This study aims to explore the mechanism of cyclic tensile stress (CTS) on human chondrocytes (CHs) relating to the reactive oxygen species (ROS) generation and extracellular matrix (ECM) stability in vitro. A well-established CTS model with 5%, 10%, or 20% elongation was performed for CHs stretching. After CTS, the cell viability, total ROS level, main ECM components, matrix metalloproteinase (MMP), tissue inhibitor of metalloproteinase (TIMP), F-actin density, and some anti-oxidative enzymes were analyzed. Additionally, the antioxidant N-acetylcysteine (NAC) and cytochalasin D were used to suppress the ROS production and F-actin polymerization when the CHs underwent CTS, respectively. The treatment of 20% elongation-CST significantly decreased the CH viability and the expressions of collagen II, aggrecan, anti-oxidative enzymes and TIMP3/4, however, it increased the ROS accumulation, F-actin polymerization, and the expression of collagen I and MMP3/13. In contrast, the application of NAC and cytochalasin D could partly rescue the CHs from the injury caused by the high CTS. Therefore, high CTS disrupts the ECM by remodeling the F-actin cytoskeleton and promoting ROS production. Cytochalasin D and NAC are effective in rejecting F-actin cytoskeleton polymerization, and ROS accumulation through a potential synergetic process, which alleviates the ECM injury caused by High CTS.

高循环拉伸应力通过f -肌动蛋白细胞骨架聚合和活性氧产生破坏人软骨细胞的细胞外基质。
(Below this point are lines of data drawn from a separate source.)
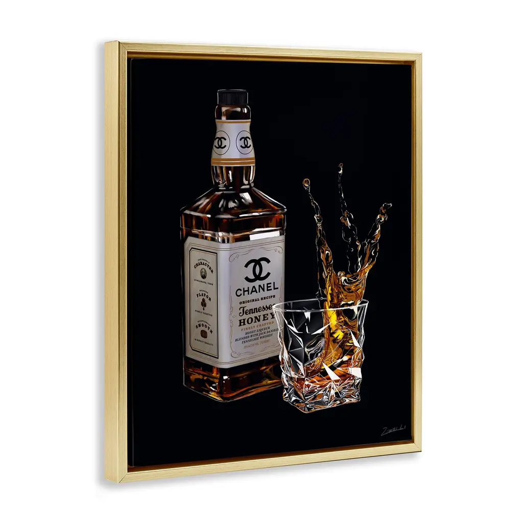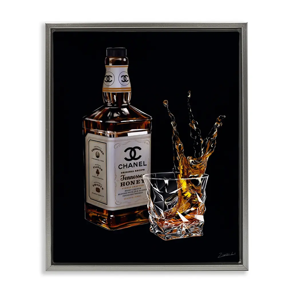 Elevate your home or office to the next level with Stupell Framed Floating Canvas Wall Art. Our premium hand stretched canvas is mounted securly into a sturdy lightweight frame. The museum style gap between wrapped canvas and box frame gives the illusion of floating artwork.Features:Floating Frame Sizes IncludeStandard: 21 x 1.7 x 17Oversized: 31 x 1.7 x 25Wall Art is Ready to Hang - No Installation or Hardware Needed. For Easy Set Up Lean or Layer Artwork on Shelf or Against Wall.Artwork Relates To: Liquor, Alcohol, Beverage, Drink, Whisky, CC CC CHARACTER VOTE BARING SYMCHRUNG TENN BALANCED FLAVOR CHANEL FINELY CRAFTED ORIGINAL RECIPE Tennesse SMOOTH HONEY HIGHEST QUALITY FINELY CRAFTED HONEY LIQUEUR BLENDED WITH JACK DANIEL'S TENNESSEE WHISKEY 38N ALC BY VOL (70 PROOF) ZIWELLIOur elevated 1.7" Thick Floating Frame is the perfect complement to our canvas style Wall Art. We use only the highest quality inks in house with industry leading printing solutions. Canvas is hand stretched over a durable wood foundation and then mounted securly into a Modern Box Frame. Made in the USA.Design by Ziwei Li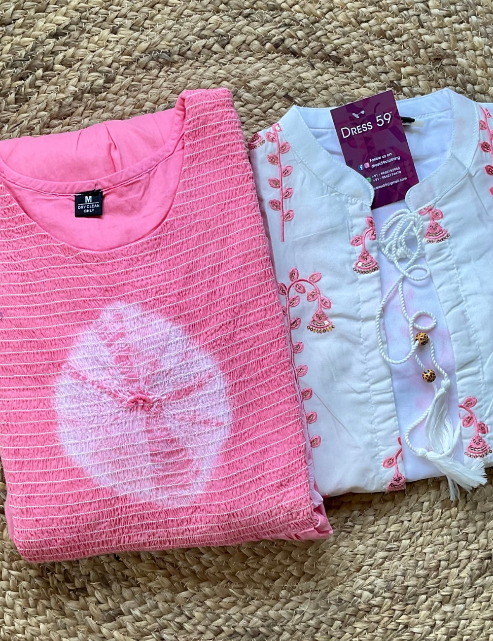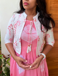 Smocked Tie and Dye Dress with Ethnic Jacket - Pink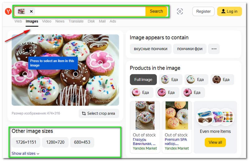此外,Yandex 反向图像搜索可让您在从计算机上传图像后对其进行裁剪。此外,它将为您提供从小到大的所有其他图像尺寸。它还可以向您显示图像上所有可能的连接。此外,您还可以搜索 视频、新闻、翻译、磁盘、邮件、广告、 和 网络.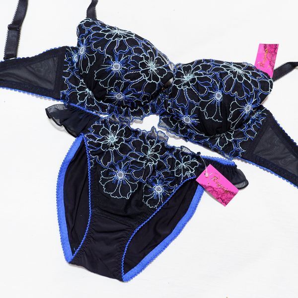 - Last プレジャージーン C70M 寄せ上谷間 お華刺繍 きらきらビジュー付 ブラ&ショーツ 黒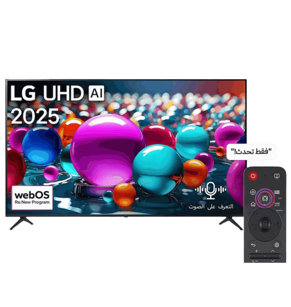 - نظام webOS مع AI Magic Remote يتيح لك البحث الذكي AI Search، والروبوت الذكي AI Chatbot، والمساعد الذكي AI Concierge، بينما يقوم برنامج webOS Re:New بتحديث الجهاز سنويًا لمدة 5 سنوات.
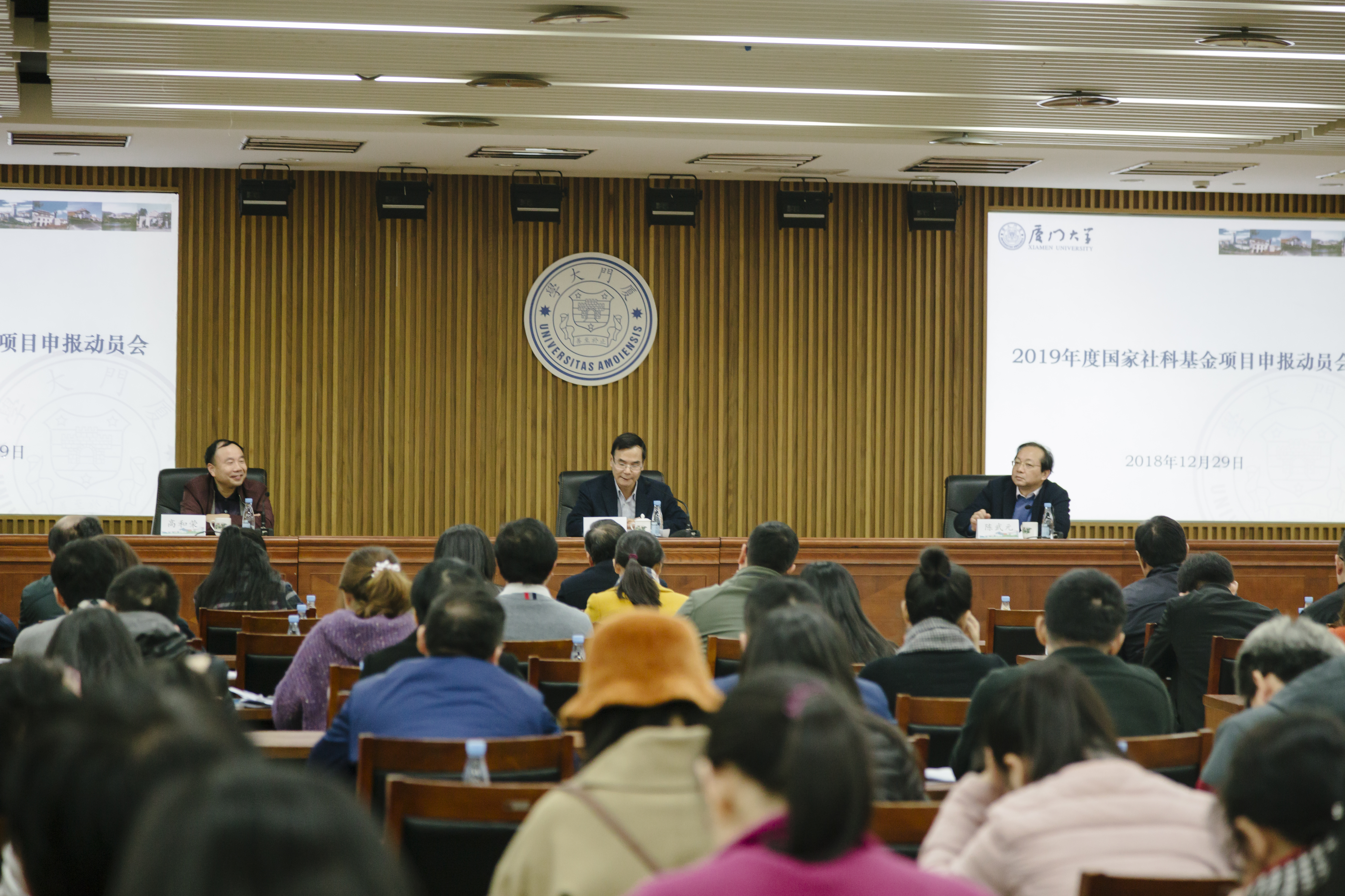 12月29日下午,2019年度国家社科基金项目申报动员会在科学艺术中心一楼多功能厅召开。副校长杨斌,社科处、文科各学院/研究院分管科研副院长、科研秘书,部分离退休教师及博士后等共100多人参加了动员会。会议由社科处原处长、厦门大学学报(哲学社会科学版)编辑部主任陈武元教授主持。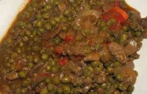 A zsírban aranysárgára pirítom az apróra vágott hagymát. Hozzáadom a fűszerpaprikát, a paradicsompürét, a finomra vágott fokhagymát, felöntöm 3 dl vízzel és enyhén sózom. Fél óráig főzöm, miközben többször megkeverem. Hozzáadom a megmosott és felszeletel gombát, 2-3 percig pirítom, utána hozzáadom a felkockázott libamájat, a lecsepegtetett zöldborsót és a zöldpaprikát is. További 3-4 percig párolom.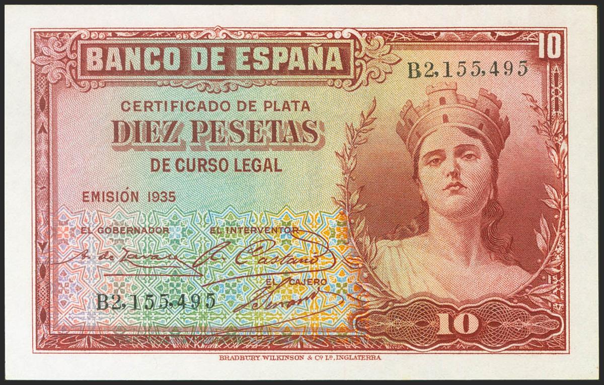 10 Pesetas. 1935. Certificado de Plata. Serie B. (Edifil 2021: 364a). Apresto original. SC.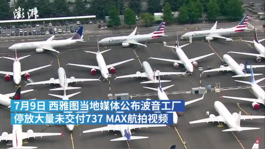 航拍波音工厂:停车场放满737MAX。7月9日,西雅图当地媒体公布波音工厂停放大量未交付737 MAX航拍视频,航拍显示该工厂至少停放了47架,由于空间有限,其中6架占用了员工停车场。(via 澎湃视频)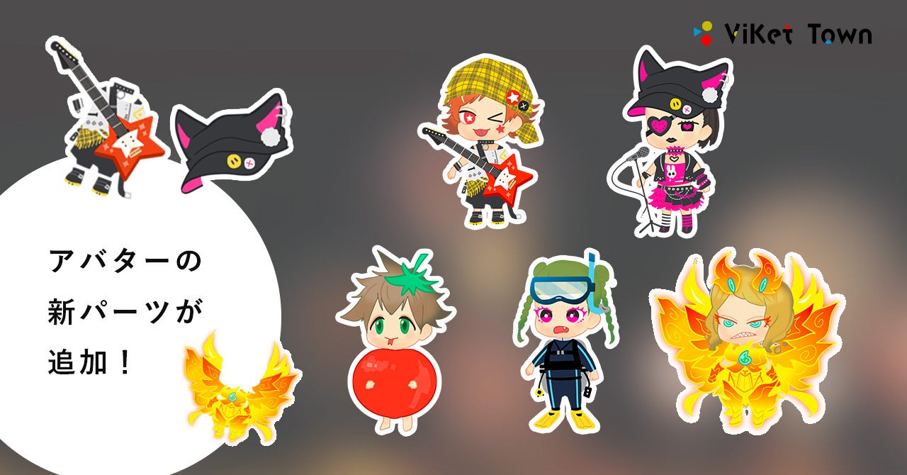 「ViKet Town(ビケットタウン)」では自分となって働くアバターが存在します。アバターには、頭、髪、目、口、服装、数種類の初期パーツから選択する事ができ、理想とする自分を生み出す事が可能です。 アバターを通してのコミュニケーションは、年齢、国籍、性別、見た目、生まれ持ったルーツによる様々な偏見をなくし、 純粋な気持ちで仲間とのプロジェクトの成功を目指す事ができます。 自分に自信がない人でも、働く新たな自分を生み出すことで、コミュニケーション能力の向上も期待でき、異空間で働くアバターは、様々なアイテムを身に着け、仲間とのコミュニケーションのきっかけともなります。夏といえばフェス!今回は、そんなアツい季節にぴったりのロックな衣装が登場。また、夏野菜なトマトの衣装や、ダイバー衣装、豪華な金色の衣装など夏!夏!夏!づくしとなっています。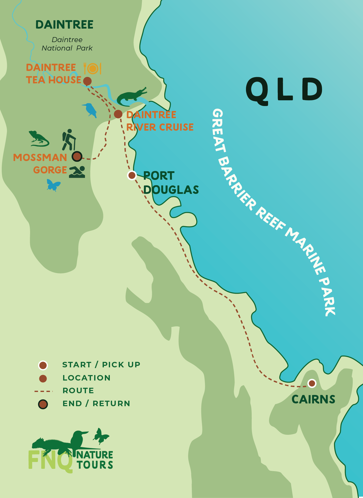 Witness the magical Great Barrier Reef Drive as we head north on the scenic coastal highway. Learn about the unique habitats within the local environment and observe the changes in bio-diversity as we get closer to the Daintree Tropical Rainforest.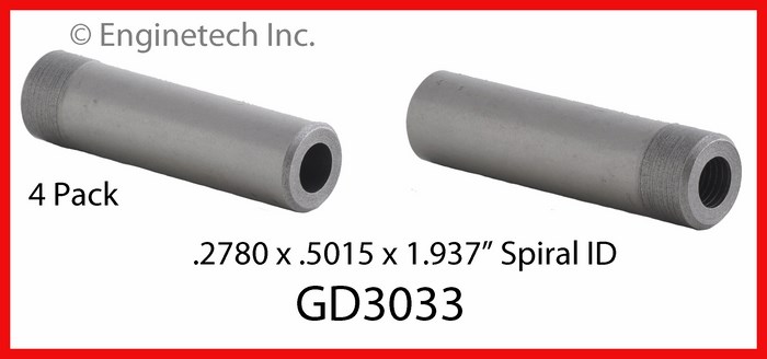 Intake. .2780 x .5015 x 1.937". Spiral ID. Iron. (4 pack). For heads with two flanges on guide.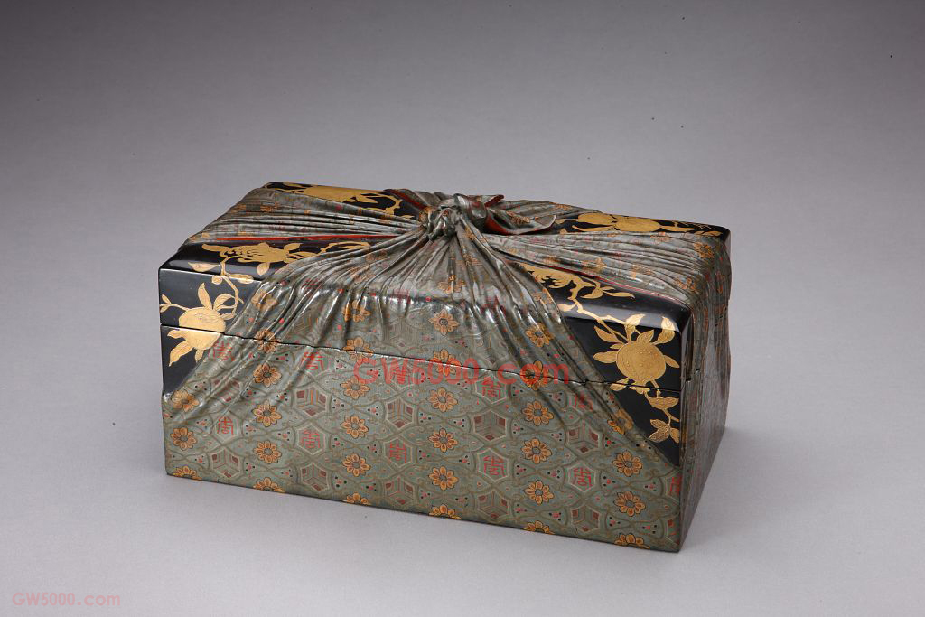 描金彩漆包袱式纹长方形盒,清雍正,高12.1厘米,长22厘米,宽11.5厘米。清宫旧藏。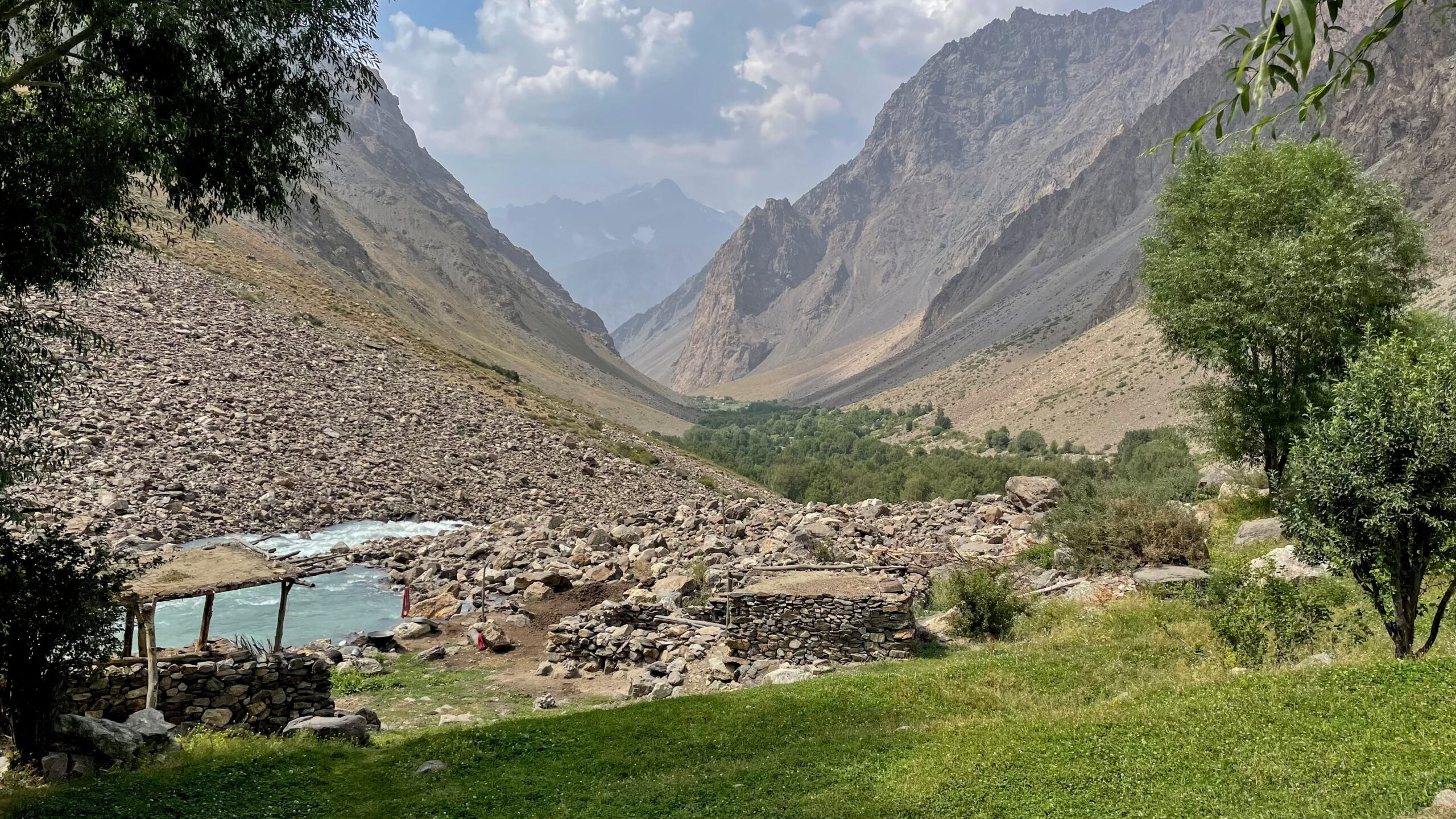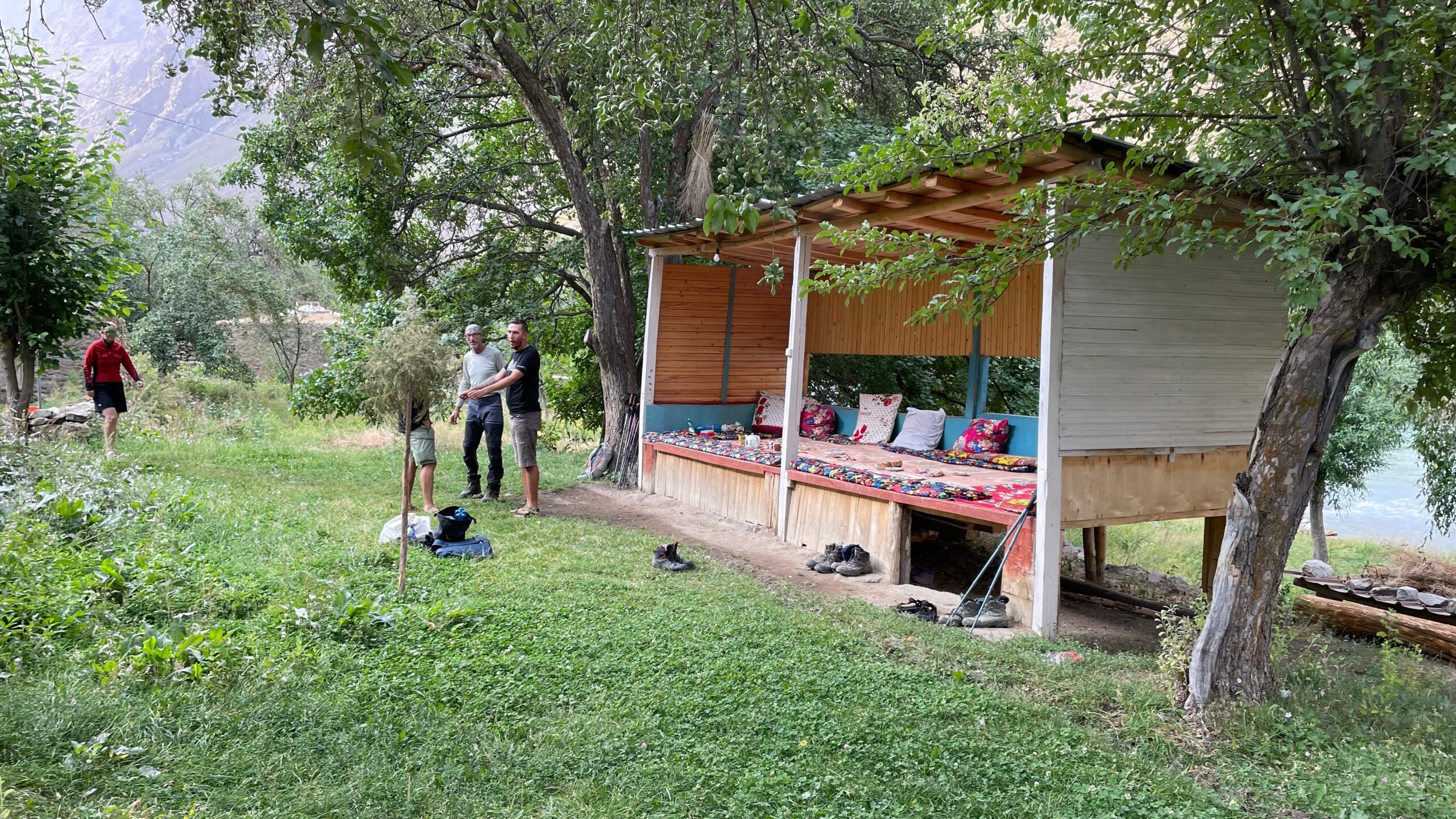 Poslední ráno v luxus vesničce. Vstáváme již v půl sedmé, protože snídaně je domluvena na sedm a odchod bude v půl osmé. Dole u mostu musíme být nejpozději v 11. Na tu dobu je domluvený Muslim s minibusem, který nás bude převážet do Dushanbe. Rychle tedy vše uklidíme, rozprostřeme ubrus a za chvilku Naku přináší jednu lahůdku za druhou. Za chvilku je vše nachystáno a my se pouštíme do snídaně. Pro velký úspěch si opět dávám kaši s třešněmi a opět naprosto luxusní záležitost.

本研究旨在探讨体外循环拉伸应力(CTS)对人软骨细胞(CHs)影响活性氧(ROS)生成和细胞外基质(ECM)稳定性的机制。一个完善的CTS模型与5%,10%或20%的伸长率进行CHs拉伸。CTS后检测细胞活力、总ROS水平、ECM主要成分、基质金属蛋白酶(MMP)、组织金属蛋白酶抑制剂(TIMP)、f -肌动蛋白密度及部分抗氧化酶。此外,抗氧化剂n -乙酰半胱氨酸(NAC)和细胞松弛素D (cytochalasin D)分别抑制了CHs在CTS过程中ROS的产生和F-actin的聚合。20%拉伸- cst处理显著降低了CH活力,降低了II型胶原、聚集蛋白、抗氧化酶和TIMP3/4的表达,增加了ROS积累、F-actin聚合以及I型胶原和MMP3/13的表达。NAC和细胞松弛素D的应用对高CTS引起的肝细胞损伤有一定的挽救作用。因此,高CTS通过重塑f -肌动蛋白细胞骨架和促进ROS的产生来破坏ECM。细胞松弛素D和NAC通过潜在的协同作用,有效抑制f -肌动蛋白细胞骨架聚合和ROS积累,减轻高CTS引起的ECM损伤。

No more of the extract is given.